WHAT IS NEEDED – Could you repeat every record below exactly, leaving out the pictures?
------------------------------------
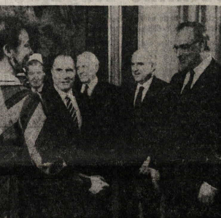
Danska kraljica Margareta II. se pozdravlja z najvišjimi voditelji držav Evropske gospodarske skupnosti pred slavnostnim kosilom, ki jim ga je priredila v gradu Amalienborg pred otvoritvijo 24. zasedanja Evropske skupnosti. Od leve angleška predsednica vlade Margaret Thatcher, francoski predsednik Francois Mitterrand, grški predsednik Andreas Papanandreu in novi zahodnonemški kancler Helmut Kohl, v ozadju na levi italijanski predsednik vlade Amintore Fanfani

Kot vse kaže pa na sedanjem 24. evropskem vrhu ne bodo sprejeli s tem v zvezi nobenih posebnih sklepov, v pričakovanju srečanja med izvršno komisijo EGS ter pristojnimi zastopniki ameriške vlade, ki o stalimi kočljivimi vprašanji, ki v tem trenutku težijo skupnost: trgovski odnosi z ZDA in z Japonsko ter vstop Španije in Portugalske v Evropsko gospodarsko skupnost. Glede slednjega vprašanja so po vsem videzu odločili, da odložijo vstop obeh prirečnih držav do leta 1985 ali še pozneje, ker je to povezano z delikatnimi problemi, kot je preustroj kmetijske politike in pa povečanje skupnega proračuna.
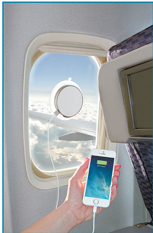
▲一款新的便携式电池面世,这款电池用太阳能板制作成吸盘形状,充分吸收阳光转化为能量。利用这款电池可以在外出途中如飞机上轻松给智能手机和平板电脑充电。
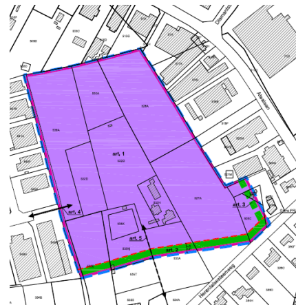
Figuur 4: ontwerp-PRUP
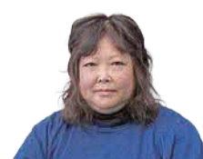
仲間がいれば、頑張れます
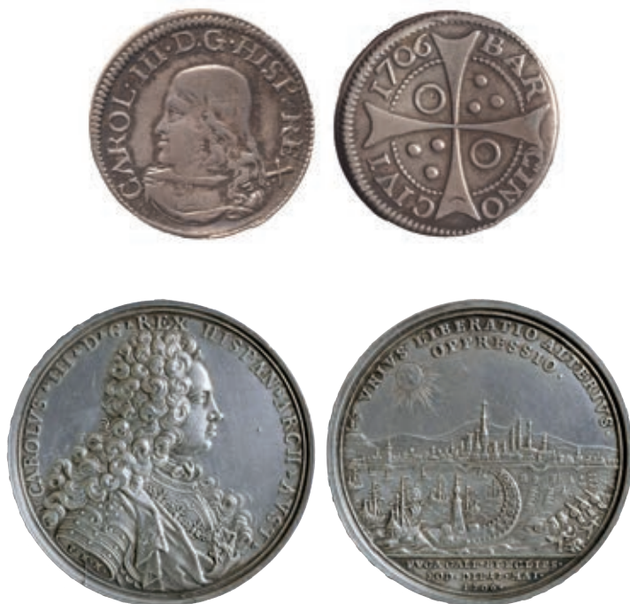
La numismàtica i la medallística permeten estudiar aspectes tecnològics, ideològics, socials i econòmics de les societats del passat. Són també un molt bon element de datació arqueològica.

numismàtica, carpologia, paleoarqueologia, datacions per radiocarboni, prospecció superficial geofísica per georadar, etc.
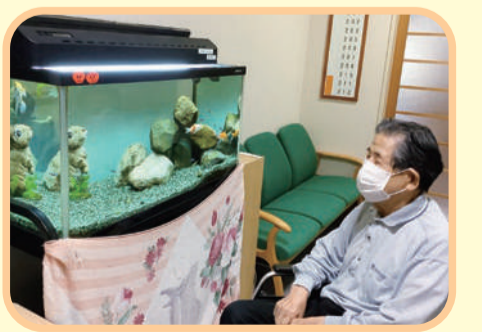
お魚見物の特等席! お気に入りの場所です♡
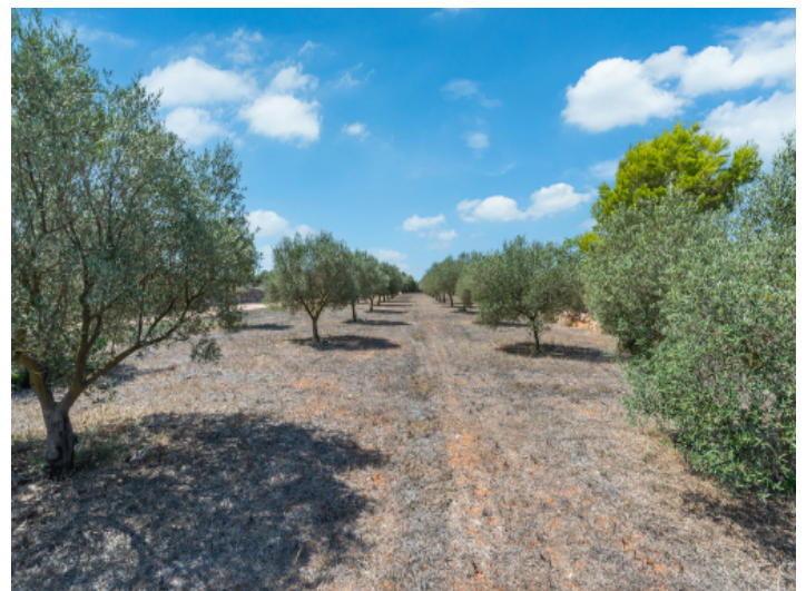
Feld mit Olivenbäumen
------------------------------------
YOUR RESPONSE –
Danska kraljica Margareta II. se pozdravlja z najvišjimi voditelji držav Evropske gospodarske skupnosti pred slavnostnim kosilom, ki jim ga je priredila v gradu Amalienborg pred otvoritvijo 24. zasedanja Evropske skupnosti. Od leve angleška predsednica vlade Margaret Thatcher, francoski predsednik Francois Mitterrand, grški predsednik Andreas Papanandreu in novi zahodnonemški kancler Helmut Kohl, v ozadju na levi italijanski predsednik vlade Amintore Fanfani

Kot vse kaže pa na sedanjem 24. evropskem vrhu ne bodo sprejeli s tem v zvezi nobenih posebnih sklepov, v pričakovanju srečanja med izvršno komisijo EGS ter pristojnimi zastopniki ameriške vlade, ki o stalimi kočljivimi vprašanji, ki v tem trenutku težijo skupnost: trgovski odnosi z ZDA in z Japonsko ter vstop Španije in Portugalske v Evropsko gospodarsko skupnost. Glede slednjega vprašanja so po vsem videzu odločili, da odložijo vstop obeh prirečnih držav do leta 1985 ali še pozneje, ker je to povezano z delikatnimi problemi, kot je preustroj kmetijske politike in pa povečanje skupnega proračuna.
▲一款新的便携式电池面世,这款电池用太阳能板制作成吸盘形状,充分吸收阳光转化为能量。利用这款电池可以在外出途中如飞机上轻松给智能手机和平板电脑充电。
Figuur 4: ontwerp-PRUP
仲間がいれば、頑張れます
La numismàtica i la medallística permeten estudiar aspectes tecnològics, ideològics, socials i econòmics de les societats del passat. Són també un molt bon element de datació arqueològica.

numismàtica, carpologia, paleoarqueologia, datacions per radiocarboni, prospecció superficial geofísica per georadar, etc.
お魚見物の特等席! お気に入りの場所です♡
Feld mit Olivenbäumen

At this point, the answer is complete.